Tuttavia, se questi segnali non sono regolati correttamente, possono interrompere i normali meccanismi cellulari, portando a malattie come il cancro. Gli inibitori della proteina chinasi hanno quindi fornito una strada promettente nell'intervento terapeutico per interrompere i meccanismi di segnalazione aberranti alla base di tali malattie.

A causa della somiglianza e della complessità delle strutture della chinasi, lo sviluppo di inibitori efficaci della chinasi ha finora rappresentato una sfida formidabile per i ricercatori. Trovare inibitori specifici tra vari potenziali bersagli è stato un ostacolo, fino ad ora.

Un team guidato dal professor Hiroshi Tokumitsu della Graduate School of Interdisciplinary Science and Engineering in Health Systems dell'Università di Okayama, insieme alla studentessa laureata Akari Yoshida e al dottor Satomi Ohtsuka dell'Università di Okayama con il professor Ulf J. Nilsson dell'Università di Lund e Il professor Teruhiko Ishikawa della Graduate School of Education dell'Università di Okayama ha pubblicato uno studio su Scientific Reports il 20 marzo 2024. Lo studio fa luce su un nuovo inibitore che prende di mira la proteina chinasi 1 associata alla proteina adattatrice 2 (AAK1).

Parlando dell'ispirazione, il Prof. Tokumitsu afferma:"Attraverso anni di ricerca dedicata sui meccanismi di segnalazione intracellulare, abbiamo creato inibitori della proteina chinasi come potenti strumenti analitici per le scienze della vita fondamentali". E ora era il momento di vedere i loro risultati in azione."

Il loro studio ha introdotto un metodo innovativo che utilizza la tecnologia Kinobeads. Questo approccio all'avanguardia ha permesso al team di esplorare le interazioni tra TIM-063, originariamente formulato come Ca ²⁺ /inibitore della proteina chinasi chinasi calmodulina-dipendente (CaMKK) e numerose proteine ​​chinasi, con particolare attenzione all'AAK1. Attraverso l'immobilizzazione su sfere di sefarosio, sono stati creati complessi TIM-063-sefarosio per catturare selettivamente le chinasi bersaglio dagli estratti cellulari.

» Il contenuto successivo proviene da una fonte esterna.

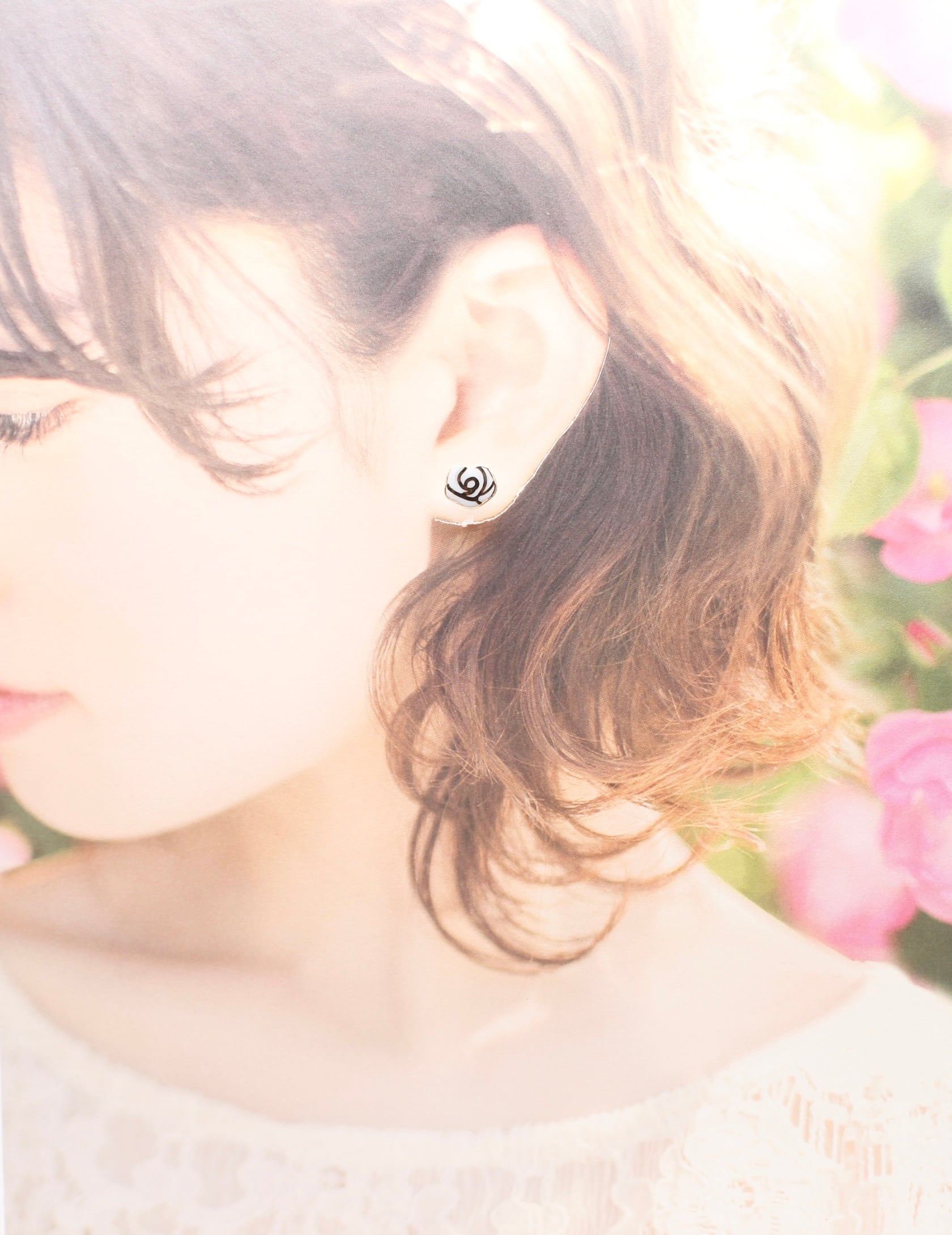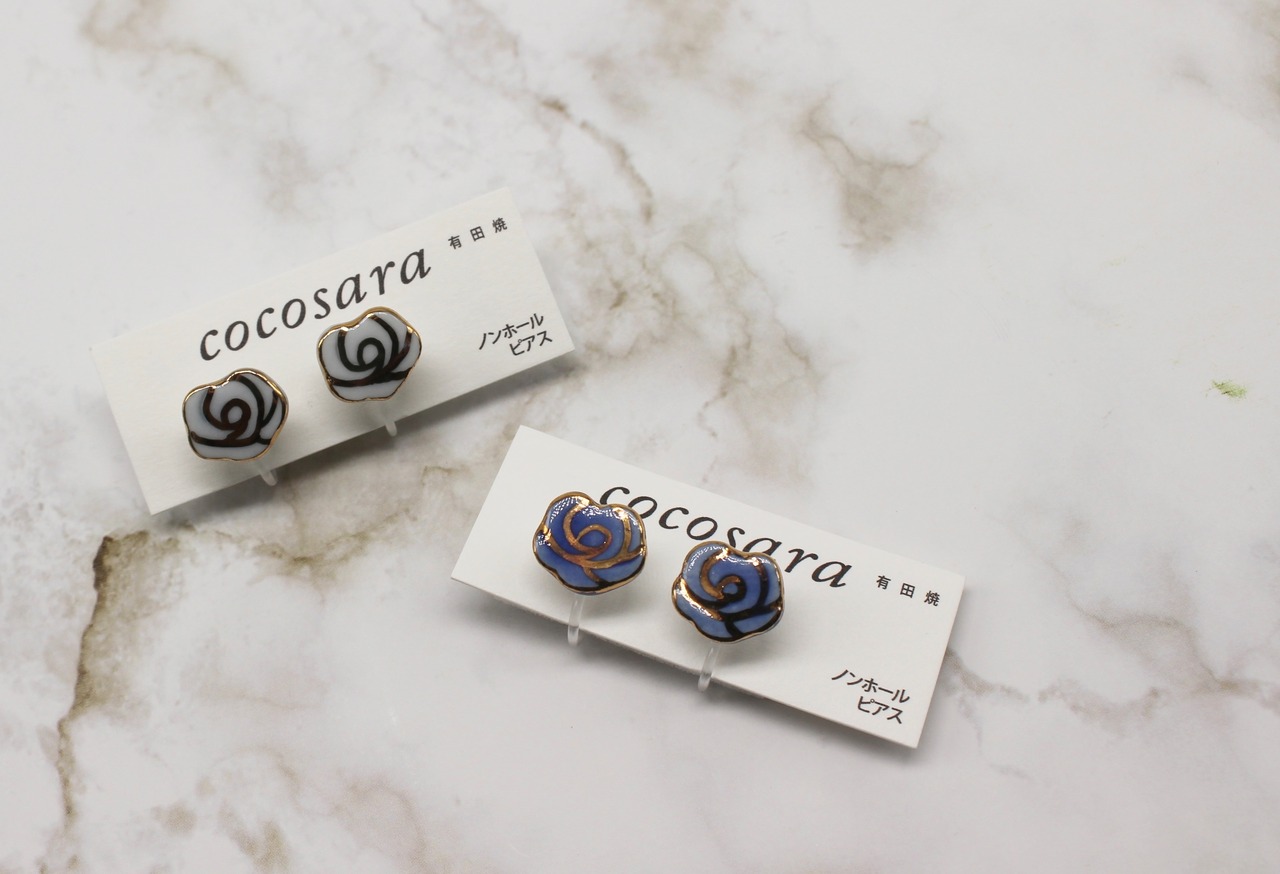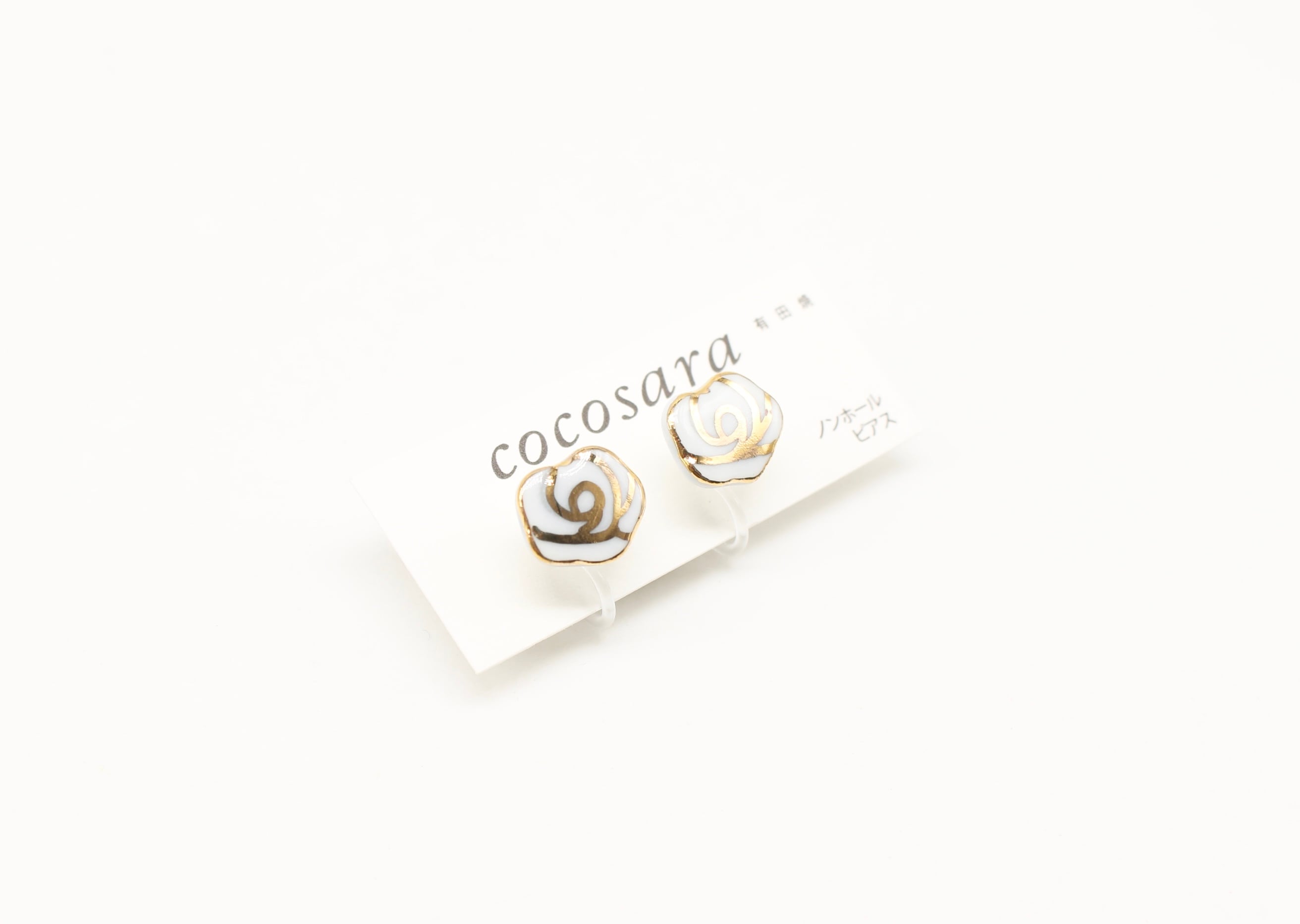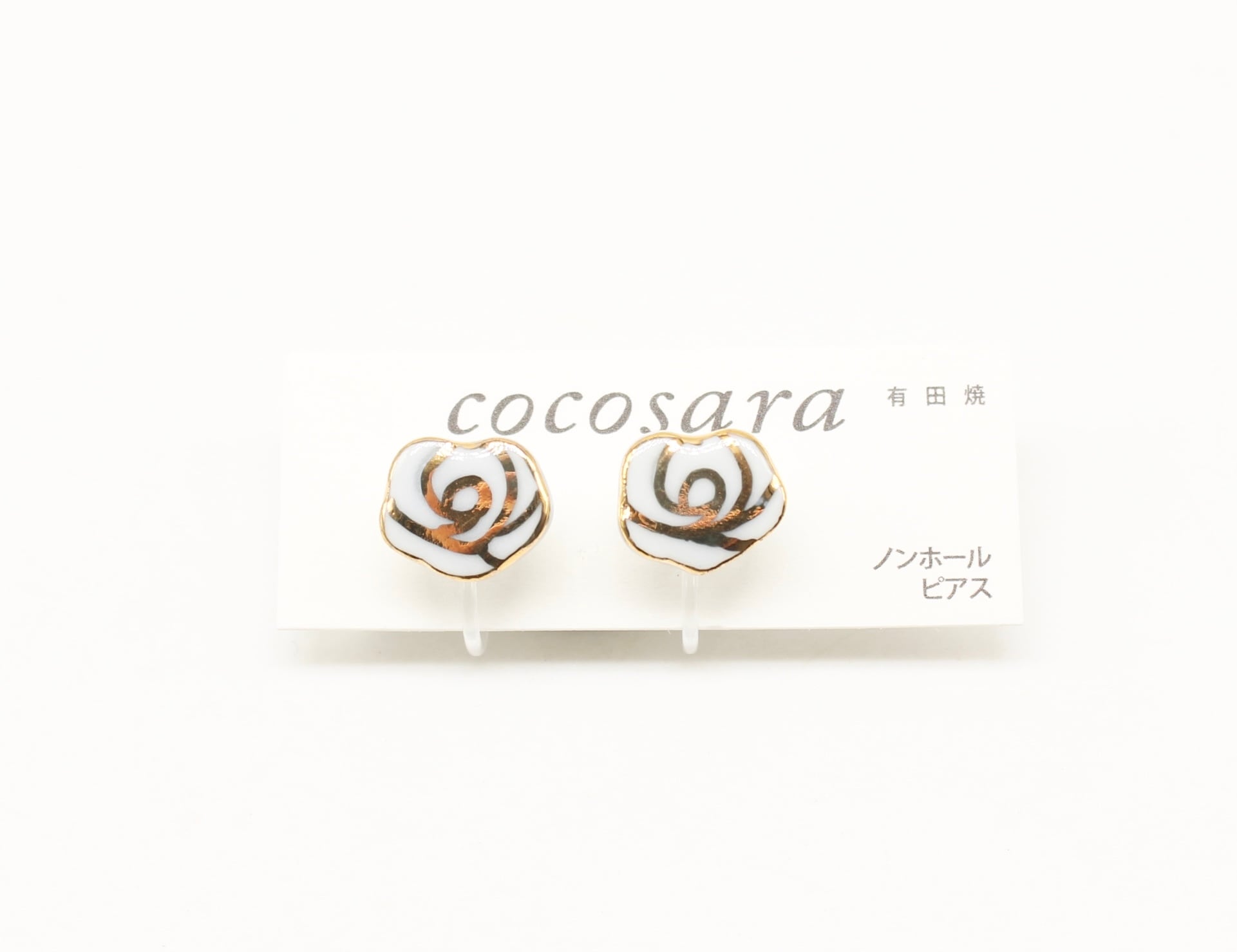 有田焼ノンホールピアス 手描き風バラ 白

Dopo un lavaggio approfondito per rimuovere le proteine ​​non specifiche, le chinasi legate sono state eluite e identificate mediante spettrometria di massa. Questo approccio meticoloso ha fatto luce sul legame di TIM-063 con il dominio catalitico di AAK1, offrendo approfondimenti sul suo meccanismo inibitorio. Chiarindo il legame di TIM-063 al dominio catalitico di AAK1, i ricercatori hanno stabilito le basi per un'inibizione mirata.

"La nostra ricerca evidenzia il potenziale di riutilizzare gli inibitori della chinasi esistenti come composti guida per nuovi bersagli terapeutici", afferma il prof. Tokumitsu.

"Sfruttando i metodi di sviluppo degli inibitori della chinasi, iniziando con l'identificazione degli enzimi che interagiscono con gli inibitori esistenti, si promette un rapido ciclo di scoperta di farmaci con le proteine ​​chinasi come bersaglio molecolare."

L'attenzione dello studio sull'AAK1, associato a vari disturbi neurologici e infezioni virali, evidenzia la promessa di inibitori mirati. Questi risultati aprono le porte allo sviluppo di farmaci innovativi, in particolare per affrontare le esigenze mediche insoddisfatte in condizioni come la schizofrenia, il morbo di Parkinson e le infezioni virali.

"Nell'era della scoperta di farmaci costosi e dispendiosi in termini di tempo, la nostra ricerca può contribuire in modo significativo facilitando lo sviluppo di inibitori enzimatici rapidi ed economici con applicazioni cliniche", afferma il prof. Tokumitsu.

Questa svolta ha il potenziale per rivoluzionare la scoperta dei farmaci, offrendo un approccio più snello allo sviluppo di inibitori enzimatici con applicazioni cliniche reali. Con questo progresso, i ricercatori mirano ad affrontare le sfide critiche dell'assistenza sanitaria e a migliorare il benessere dei pazienti.